According to reports, ‘after the president set up the tribunal, the matter of contention between the State and lawyers for the defendants was whether the Tribunal has or lacks jurisdiction to hear and determine the facts of the allegations made against Lara Taylor Pearce and her deputy, Tamba Momoh. The two sides have been at odds regarding this issue. The State argues that the Tribunal was duly constituted and has the competent jurisdiction while the defendants’ lawyers counter with case laws, constitutional provisions, and statutory legal provisions’.

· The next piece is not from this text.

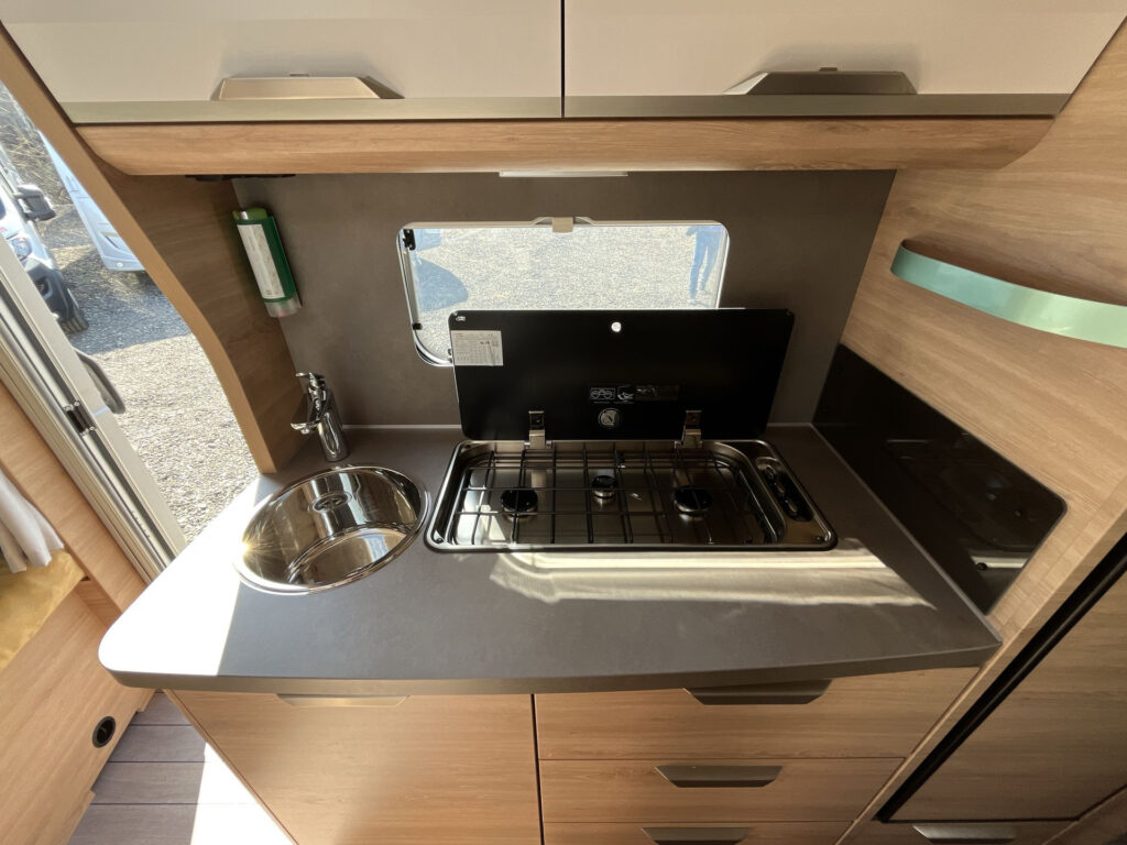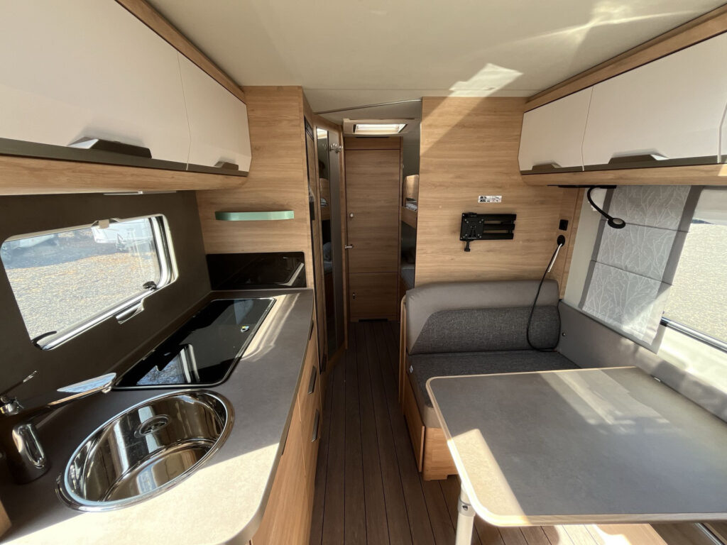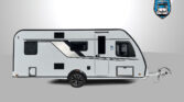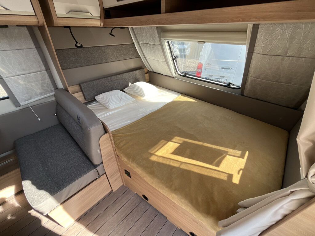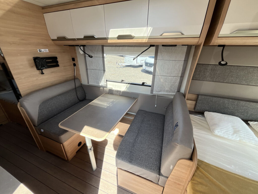 Další příplatková výbava v ceně: lité rezervní kolo vč. zvedáku a držáku na podvozku, digitální ovládací panel k topení Truma CP Plus, rozšíření pracovní desky v kuchyňce, rozšíření sedací soupravy (vč. možnosti rozložení na dvojlůžko)

The duo was suspended on allegations of insubordination and unprofessional conduct all because they refused an instruction from the executive branch that has no authority to tell the auditors how to do their jobs. After suspending Lara and Tamba the principal had his man, Abdul Aziz, to head the agency and reportedly delivered a report that was damning in terms of financial impropriety but much less severe than what it actually was. The report was allegedly redacted to make it more palatable.

Meanwhile it’s been two years since Lara and Tamba were made to leave the job they love most with no progress. They have met with the tribunal twice for which the matter was adjourned. The tribunal was reportedly suffering from lack of funding for them to do their work; which seems to be the fate of any investigation mounted by the regime aimed at proving the regime right.

While our principal is doing some serious manoeuvres to continue occupying a seat that is getting hotter by the day to sit on, it is important that we don’t forget about Lara and Tamba and all those who were made to suffer the indignity of being sacked for doing their jobs by the book and in the interest of the people, not based on orders from above that have wrecked this nation.

Since 2018 this regime has been allowed to get away with stolen elections, public execution of protesting citizens and doing things against the rule of law. This has to stop, or will we always have men and women who see government institutions not as ripe for development, but ripe for the capture by the incumbent regime.